Once they had a foothold in the region, the Spanish provoked deep resentments from a population unused to the demands of imperial rule. Altman spends two full chapters on early Spanish settlement in the region, complicated political intrigues, and abuses of the native population. The violence culminated in a co-ordinated regional uprising in 1540 that very nearly threw the Spanish out. Altman draws a sharp distinction between the leadership style of Guzmán and his cohorts and that of the new viceroy, Antonio de Mendoza, who curried favor with his allies and succeeded in putting down the uprising. Again, however, Altman’s emphasis remains the human costs of this second period of war.

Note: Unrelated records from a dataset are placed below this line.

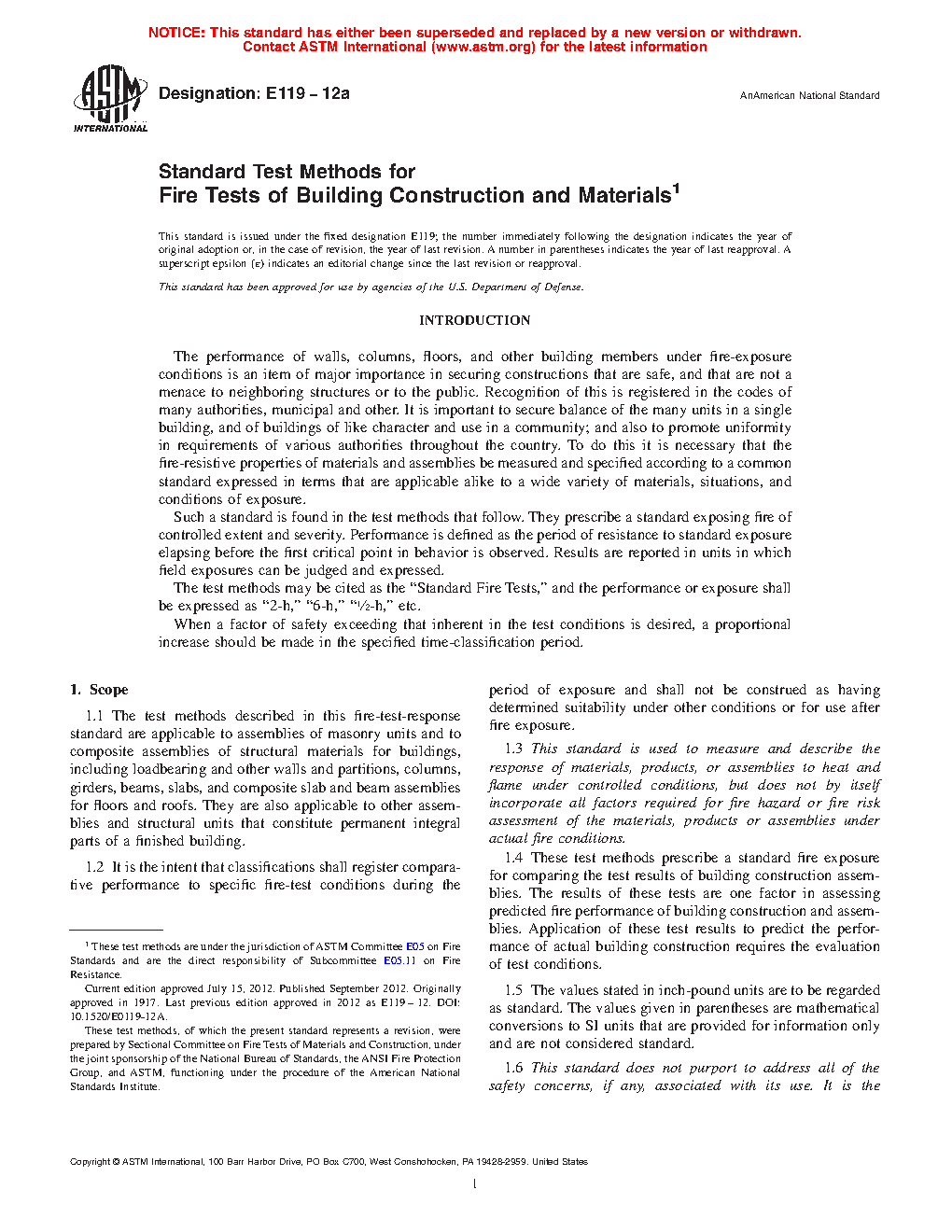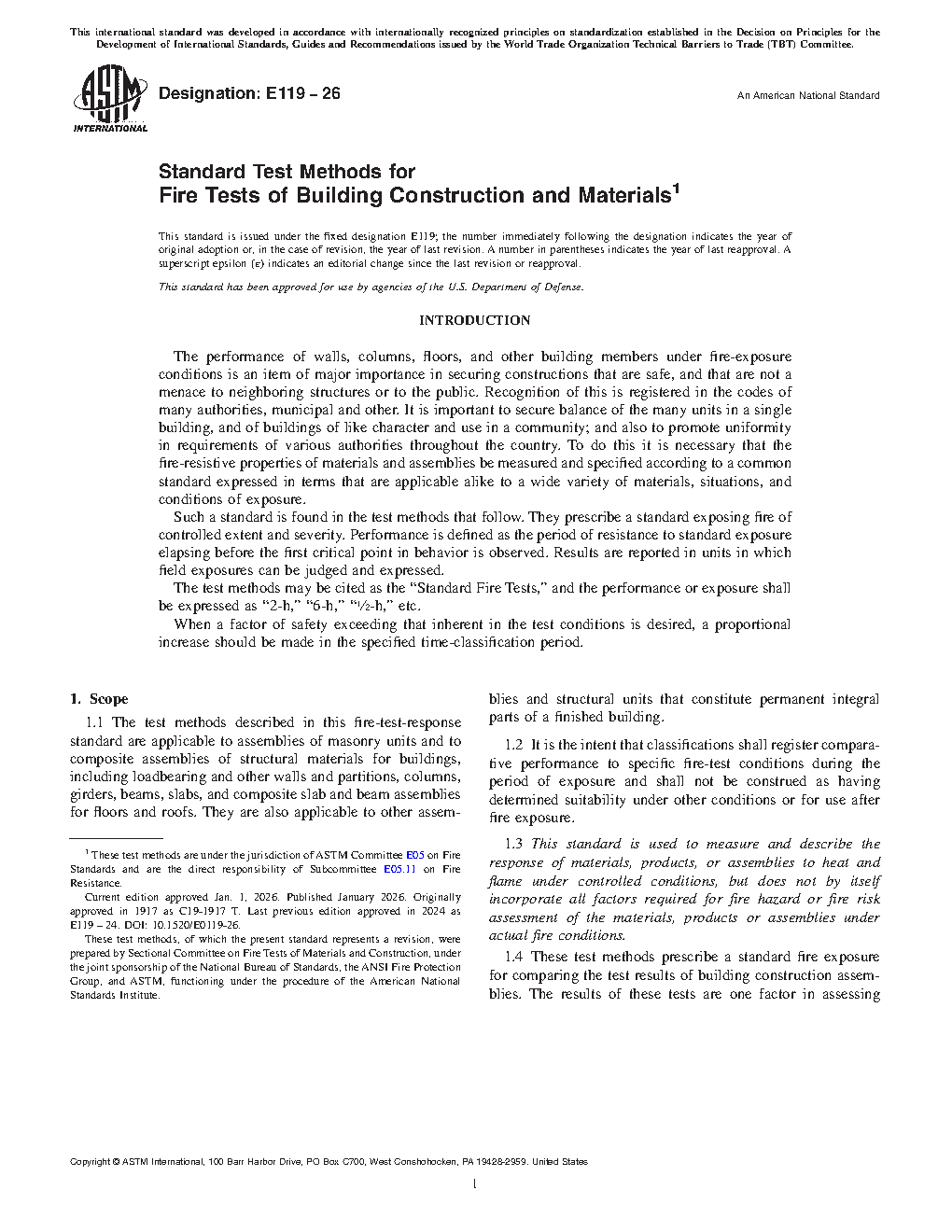1.1 The test methods described in this fire-test-response standard are applicable to assemblies of masonry units and to composite assemblies of structural materials for buildings, including loadbearing and other walls and partitions, columns, girders, beams, slabs, and composite slab and beam assemblies for floors and roofs. They are also applicable to other assemblies and structural units that constitute permanent integral parts of a finished building.
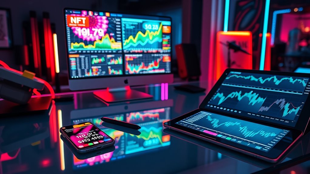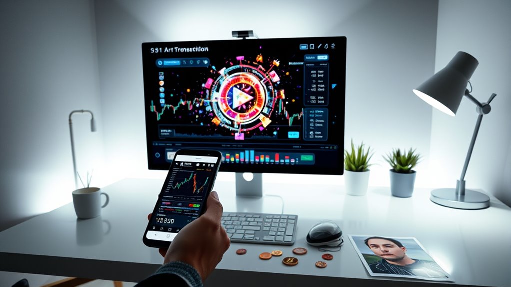 To profit from crypto assets like crypto art, you need to implement effective investment strategies that leverage market insights and technological tools. Technical analysis can help you spot patterns in Bitcoin art, with studies showing that 73% of major price moves are preceded by identifiable signals. Incorporating market analysis techniques can further refine your investment approach and improve decision-making. Using quantitative valuation models can boost your returns; investors applying data-driven methods often see 2.8 times higher risk-adjusted gains. Diversifying your portfolio by including crypto art offers unique benefits due to its distinct market behavior. Blockchain provenance enhances authenticity and value, reducing fraud risks. Choosing the right marketplaces, like OpenSea, is essential for optimizing revenue streams. Incorporating tokenized art funds and smart contracts can also increase liquidity and automate income, strengthening your investment approach.
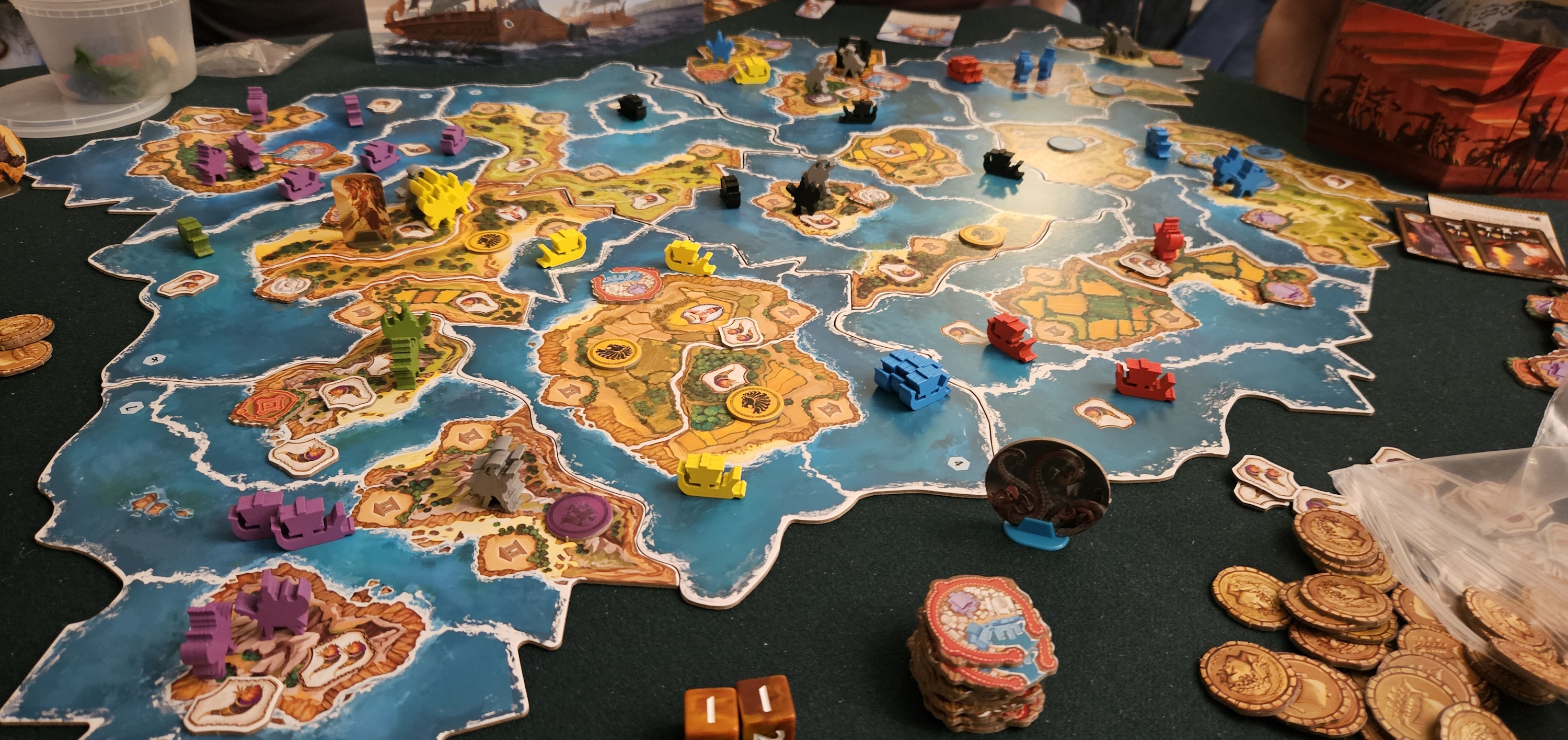Right, I think Poseidon gets a minor debuff here. Which isn’t all bad — previously the guy was a tyrant! And with those income-generating spaces there’s still reason to fight over the seas. It’s just not quite as critical as before.

One of Altman’s most notable findings is the quick, absolute rejection of Christianity by many of the western peoples. This contrasts with the conversion of central Mexico’s Nahua nobility, who would point to their acceptance of the foreigners’ religion as proof of their loyalty to the Crown and higher [End Page 834] status amongst colonial-era Indians. Anti-Christian millenarianism, says Altman, contributed to what many still expect from this period of history: that is, interethnic indigenous solidarity against the Europeans.

In the end, however, resistance was futile. A final chapter charts the “transformation of Nueva Galicia” into a thriving colonial mining region whose first inhabitants were permanently displaced by newcomers—not only Spaniards but also Africans and immigrant Mesoamericans. The book’s final sentence is elegiac, paying homage to the original founders of towns such as Juchipila, Tonala, and Xalisco, who “survive only in memory” (p. 344).

Although Altman attempts to keep western Mexico’s native peoples front and center, the nature of her material as well as her own considerable skill at tracking down the careers of individual sixteenth-century Spaniards sometimes shifts the emphasis back to Europeans. Nonetheless, Altman is to be commended for her judicious consideration of the archaeology of the region and her use of Mesoamerican pictorial documents, in addition to the painstaking work of combing through sixteenth-century judicial cases for the occasional Mesoamerican witness. The War for Mexico’s West is a thorough recounting of a devastating period of loss in what would become the heart of Mexico’s mining economy.